Are all buckets allocated side-by-side in memory? If not, what is the logic towards iterating over multiple buckets?

By definition hash table based containers always have a contiguous, random-access array of buckets. But, iteration need not happen "over multiple buckets" - in GCCs case, as mentioned above, there's a singly linked list off to the side that can be iterated directly, independently of any buckets. A major advantage of this is that if your container has large capacity but small size, you can still iterate in O(size()) rather than O(bucket_count()) - I'm not sure the latter would be Standard compliant (?).

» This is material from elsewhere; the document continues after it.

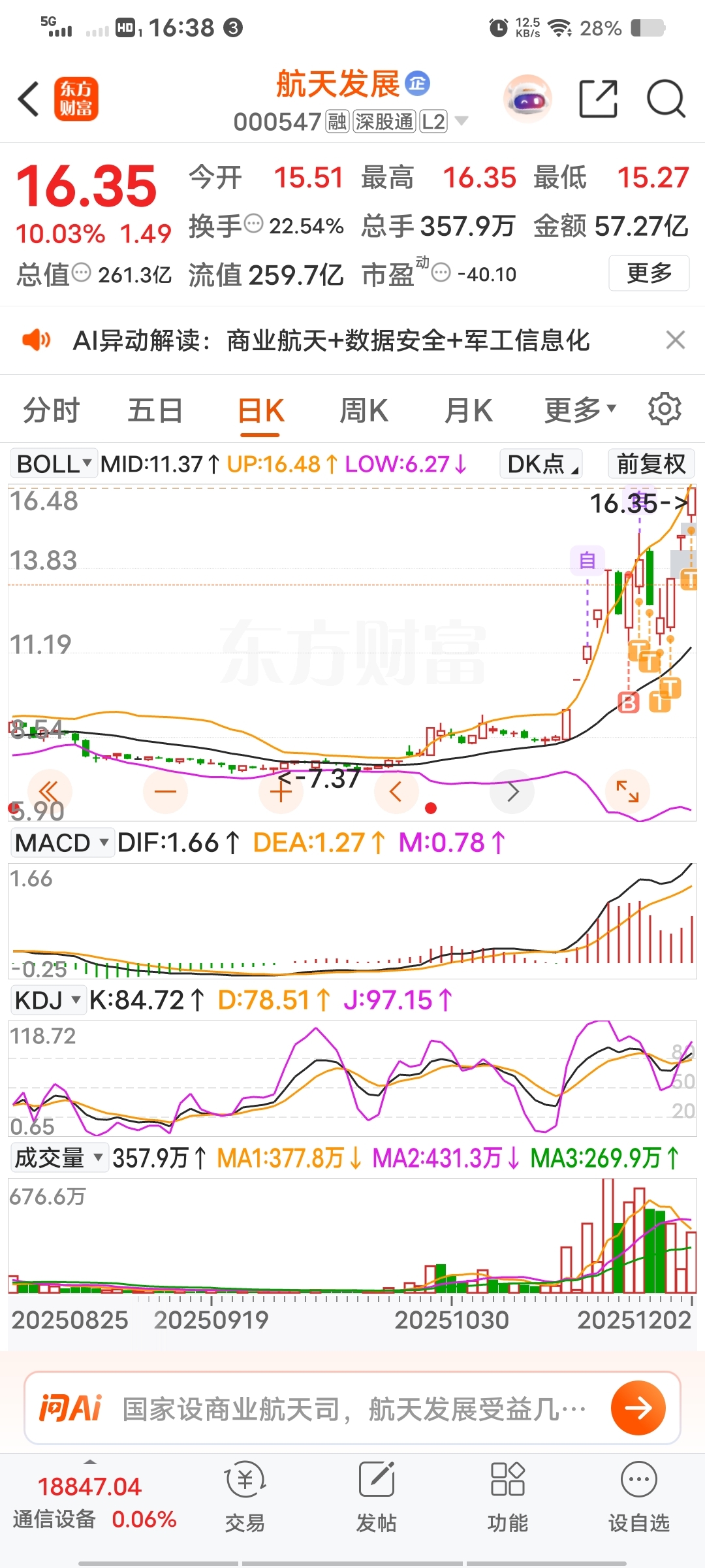 $航天发展(SZ000547)$ 清仓了,开盘已经说明了一切,挂跌停走了,没跑到最高点,今天进的钱明天还得亏,游资自救罢了,总体还是赚的,守住利润了

How are collisions handled in unordered_set and unordered_map?

Using separate chaining (i.e. by inserting extra nodes into the linked list).

Or, do they not and let the user define the load factor, and based on that they create a completely new set of buckets?

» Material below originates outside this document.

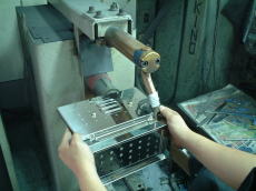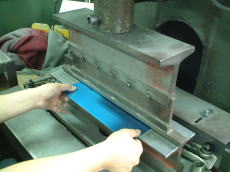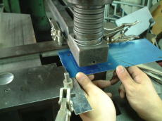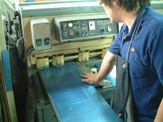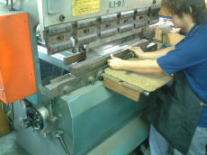 シャーリング(左図)という機械によって、必要な大きさに切断します。 |

The load factor is only tangentially related to this. In the general case where number of distinct key values is much larger than the number of elements being stored, and you have no particular insight into which keys you'll receive, even with a cryptographically strong hash function you need on-the-order-of N^2 buckets to have even a 50/50 chance of placing K keys into the table without them colliding. It's just not practical to grow the hash table to avoid collisions. In C++, the load factor is capped by a user-settable (default 1.0) max_load_factor, so the implementation grows the table when the load factor would otherwise be exceeded. But the load factor only has a probabilistic relationship with collisions.

In case you're curious: if you have K keys into B buckets, the probability of not having a collision is the product of the probabilities of being able to place each successive key into an at-that-time empty bucket, which depends on the proportion of buckets still empty: B/B * (B-1)/B * (B-2)/B * (B-3)/B * ... * (B-K-1)/B. As a few examples, the chance of not having collisions is >= 50% for 2 keys in 2 buckets, 3 keys in 6 buckets, 4 in 10, 5 in 17, 6 in 24, 7 in 33, 8 in 43, 9 in 55, 10 in 69, 11 in 83, 12 in 100, 13 in 117, 14 in 136, 15 in 157, 16 in 179, 17 in 202, 18 in 227, 19 in 253, 20 in 281, 21 in 310, 22 in 341, 23 in 373, 24 in 407, 25 in 442, 26 in 478, 27 in 516, 28 in 555, 29 in 596, 30 in 638, 31 in 682, 32 in 727, 33 in 773, 34 in 821, 35 in 870, 36 in 921, 37 in 974, 38 in 1027, 39 in 1082, 40 in 1139, 41 in 1197, 42 in 1257, 43 in 1317, 44 in 1380, 45 in 1444, 46 in 1509, 47 in 1576, 48 in 1644, 49 in 1713, 50 in 1784, 51 in 1857, 52 in 1931, 53 in 2006, 54 in 2083, 55 in 2161, 56 in 2241, 57 in 2322, 58 in 2405, 59 in 2489, 60 in 2574, 61 in 2661, 62 in 2749, 63 in 2839, 64 in 2930, 65 in 3023, 66 in 3117, 67 in 3213, 68 in 3310, 69 in 3408, 70 in 3508, 71 in 3609, 72 in 3712, 73 in 3816, 74 in 3922, 75 in 4029, 76 in 4137, 77 in 4247, 78 in 4359, 79 in 4472, 80 in 4586, 81 in 4702, 82 in 4819, 83 in 4938, 84 in 5058, 85 in 5179, 86 in 5302, 87 in 5427, 88 in 5552, 89 in 5680, 90 in 5808, 91 in 5939, 92 in 6070, 93 in 6203, 94 in 6338, 95 in 6474, 96 in 6611, 97 in 6750, 98 in 6890, 99 in 7032, 100 in 7175....

Put another way, for 100 keys we'd need to have 70.75 empty buckets for every 1 in-use bucket just to have a >=50% chance of not having collisions, which would waste a lot of memory and ensure the in-use buckets were spread out across CPU cache lines, making bucket access (and general CPU operation) much slower. Trying to avoid collisions, or rehashing every time they occur, is simply not a net-desirable thing for the general hash-table usage case. That said, perfect hashing (where the keys hash to distinct buckets) is occasionally both practical and desirable for small sets of keys known at compile time, or when there are a very small number of possible keys.